Se señaló la muñeca donde Nayar llevaba el escarabeo tatuado. Jalifa empezó a comprender.

—Le conté a mi amigo lo que los espíritus me habían enseñado —prosiguió el loco—, y me pidió que lo trajese aquí. Y lo traje. Y se echó a reír a carcajadas. «¡Vamos a ser ricos!», gritó, «¡Viviremos como reyes!». Y me dijo que lo dejase de su cuenta, que se llevaría cosas para enseñárselas a unas personas, que me compraría un televisor, pero que yo no debía volver aquí nunca más ni decirle nada a nadie. Y estuve esperándolo... Pero no ha vuelto. Y entonces, una noche, llegaron los otros. Y estoy solo. Y no tengo televisor. Y tengo hambre. Y sólo los espíritus son mis amigos.

El loco sorbió por la nariz y empezó a recorrer la cámara con expresión taciturna, pasando la mano por las paredes. Jalifa saltó al interior de la cámara y enseguida reparó en que parte de la pared que quedaba a la izquierda de la entrada había sido destruida. Se acuclilló frente al montón de fragmentos de yeso, meneando la cabeza, apesadumbrado ante aquel acto de vandalismo.

Empezó a ver con claridad cuál había sido la secuencia de los hechos. Aquel pobre hombre había descubierto la tumba. Se lo había contado a Nayar, que se había llevado varios objetos, incluyendo probablemente una parte del fresco que ahora estaba hecho añicos a sus pies. Saif al-Thar se había enterado y eso había supuesto el fin de Nayar. El resto ya lo sabía.

Jalifa se incorporó y estudió la cámara. Sus ojos ya se habían acostumbrado a la penumbra, y aunque había zonas sumidas en una oscuridad impenetrable, como si estuviesen cubiertas por cortinas negras, distinguía la mayor parte de la decoración.

El loco se sentó en el suelo mirando a Jalifa con expresión contrita, mientras canturreaba.

—¿No habías vuelto aquí desde que la descubriste? —preguntó Jalifa.

—No. Pero los vi. Me escondí detrás de las rocas, muy callado, como si fuese una piedra. Vienen por las noches, como los chacales.

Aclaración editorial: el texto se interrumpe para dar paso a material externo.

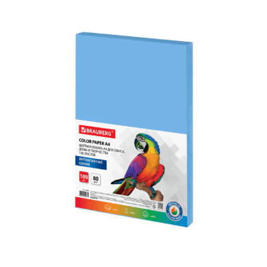 Бумага цветная А4 BRAUBERG, 80 г/м2, 500 л., интенсив, синяя, для офисной техники

Se llevan cosas de la tumba, una noche, dos noches, tres noches, todas las noches se llevan cosas.

—¿Estuvieron anoche?

—Sí. Y se marcharon, y luego vinieron otros.

—¿Otros?

—Un hombre y una mujer. Ya los había visto antes. Entraron en la tumba. Y se los comieron.

—¿Los mataron?

El pordiosero se encogió de hombros.

—¿Los mataron? —repitió Jalifa.

—Quién sabe. No los he visto con los espíritus. Quizá estén vivos, quizá estén muertos. El hombre que vi...

—¿Qué?

El loco no contestó y empezó a trazar dibujos con el dedo en el polvo que cubría el suelo. Jalifa volvió a examinar las paredes. Fue recorriendo la cámara lentamente, alumbrándose con el encendedor allí donde no llegaba la luz del exterior. Estuvo un largo rato frente al tríptico que tanto había interesado a Daniel, observando con sumo detenimiento las tres secciones, y luego siguió explorando la cámara. Se detuvo frente a la hornacina canopea, a contemplar las imágenes de los dos persas, del griego ante su mesa cubierta de fruta, de Anubis pesando el corazón del difunto. No dejó un centímetro cuadrado de las paredes por examinar.

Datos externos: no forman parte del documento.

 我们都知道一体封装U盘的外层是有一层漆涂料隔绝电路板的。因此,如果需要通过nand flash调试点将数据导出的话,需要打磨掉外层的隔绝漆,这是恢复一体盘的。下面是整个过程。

La llama del encendedor empezó a debilitarse hasta que, justo cuando acababa de recorrer la cámara, se apagó.

Jalifa se guardó el encendedor en el bolsillo y volvió a la zona iluminada por la luz del exterior.

—Es perfecta —dijo en voz baja—. Absolutamente perfecta.

—Había arena —musitó el loco, mirándolo—. Arena, hombres, un ejército, todos sepultados.